Li Weijuan
Dean's Office, Yellow River Conservancy Technical Institute, Kaifeng, 475004, Henan, China.
Heliyon. 2024 Jul 15;10(14):e34685. doi: 10.1016/j.heliyon.2024.e34685. eCollection 2024 Jul 30.
Today, the number of published scientific articles is increasing day by day, and this has made the process of searching for articles more difficult. The need to provide specific recommender systems (RSs) for suggesting scientific articles is strongly felt in this situation. Because searching for articles based only on matching the titles or content of other articles is not an efficient process. In this research, the combination of two content analysis and citation network is used to design an RS for scientific articles (RECSA). In RECSA, natural language processing and deep learning techniques are used to process the titles and extract the content attributes of the articles.
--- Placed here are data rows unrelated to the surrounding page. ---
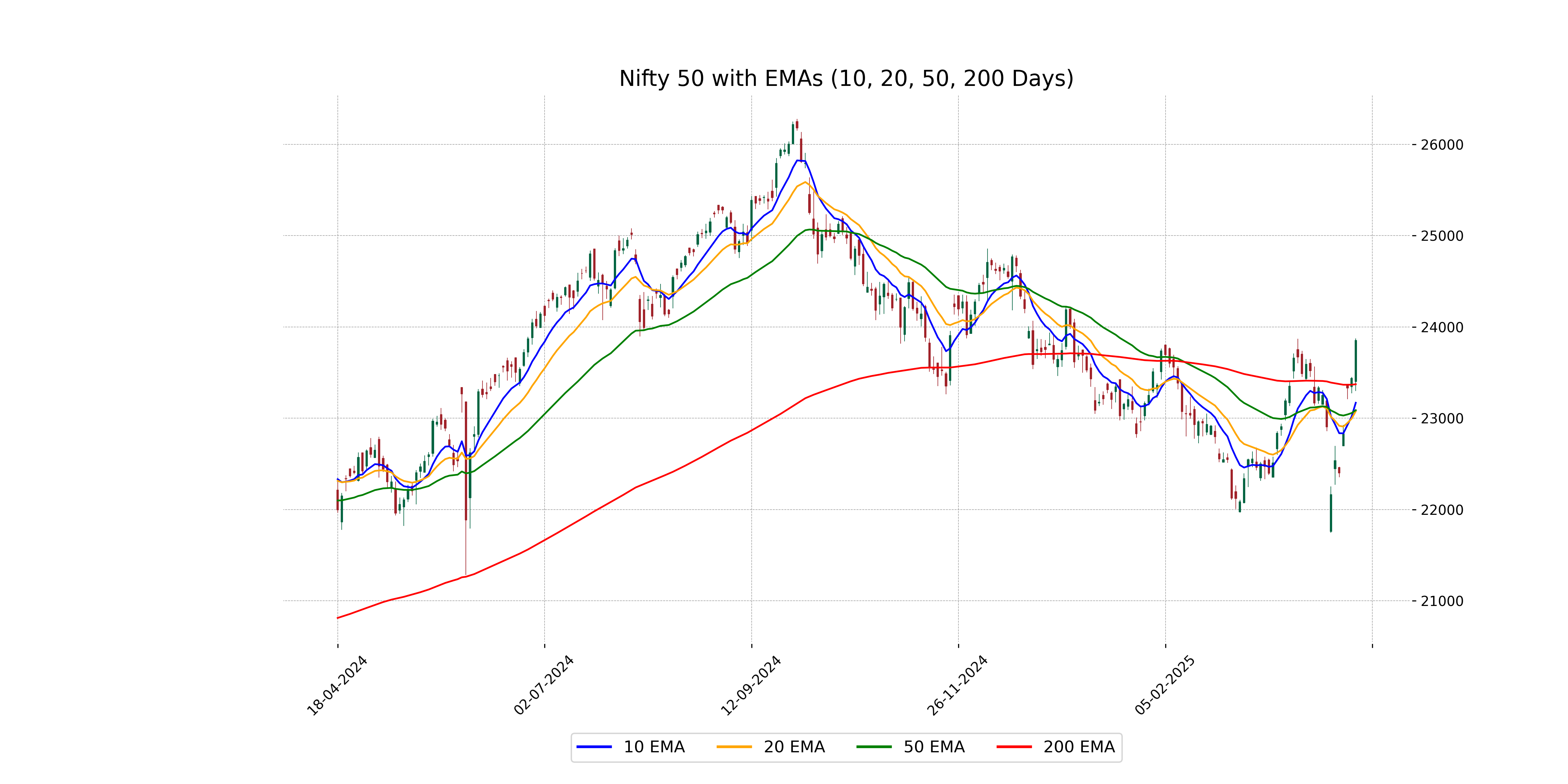 The closing price of Nifty 50 at 23851.65 is above all the key moving averages: the 50-day EMA at 23087.37, the 200-day EMA at 23371.40, the 10-day EMA at 23168.94, and the 20-day EMA at 23076.10, indicating a bullish trend. The RSI at 62.56 also supports positive momentum.
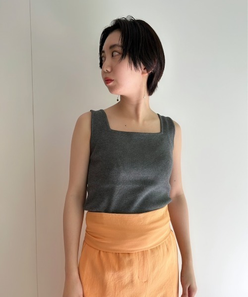 すっきりとした着こなし叶うニットタンクトップス。大人っぽく女性らしい雰囲気を演出してくれるスクエアネックもポイント。1枚での着用はもちろん、シャツやジャケットのインナー使いにもオススメのマルチアイテムです。 お手入れ方法:手洗い 透け感:なし 生地の厚さ:やや薄手 伸縮性:やや有り ■■ Designer's Voice ■■ 素肌に直接触れるので、もっちり・しっとりとした肌ざわりが心地よい糸で作成したニットタンクになります。 前後2way使用なので、合わせる洋服に対して衿ぐりのデザインを変更出来るのがポイント。 タイトめなシルエットですが、体のラインが出にくいサイズ感にしていますので、ぴったりタイトなシルエットが苦手な方にも着て頂きやすいサイズ感です。 こちらの一枚で様々な着回しを楽しめるニットタンクになります。 ※照明の関係により、実際よりも色味が違って見える場合があります。 またパソコン・スマートフォンなどの環境により、若干製品と画像のカラーが異なる場合もございます。予めご了承ください。 商品の色味は、商品単品画像をご参照下さい。 ※商品画像はサンプルのため、色味やサイズ等の仕様に変更がある場合がございますので、予めご了承ください。
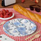 Pastel blue rose pattern paper plate
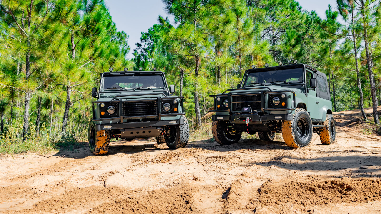 From the outside, the utterly bespoke vintage Land Rover Defender 90s are nearly indistinguishable – from the 16″ black deep dish wheels with matching lug nuts underneath to the four LED spotlights on top of the roll cage. The sporting eggshell Keswick green exteriors are complimented with older Defenders’ black canvas roofs, the ideal background for family photos at any destination. Additional features the restored Defenders have in common include Borla Sport exhaust with one pipe on each side, 6-speed automatic transmission and EBC fast brakes.

For this purpose, first, the titles of the articles are pre-processed, and by using the Term Frequency Inverse Document Frequency (TF-IDF) criterion, the importance of each word in the title is estimated. Then the dimensions of the obtained attributes are reduced by using a convolutional neural network (CNN). Then, by using the cosine similarity criterion, the content similarity matrix of the articles is calculated based on the attribute vectors. Also, the link prediction approach is used to analyze the connections of scientific articles' citation network. Finally, in the third step of RECSA, the two similarity matrices calculated in the previous steps are combined using an influence coefficient parameter to obtain the final similarity matrix, and the recommendation operation is based on the highest similarity value. The efficiency of RECSA has been evaluated from different aspects and the results have been compared with previous works. According to the results, utilizing the combination of TF-IDF and CNN for analyzing content-based features, leads to at least 0.32 % improvement in terms of precision compared to previous works. Also, by integrating citation and content-based data, the precision of first suggestion in RECSA would be 99.01 % which indicates the minimum improvement of 0.9 % compared to compared methods. The results show that by using RECSA, the recommendation can be done with higher accuracy and efficiency.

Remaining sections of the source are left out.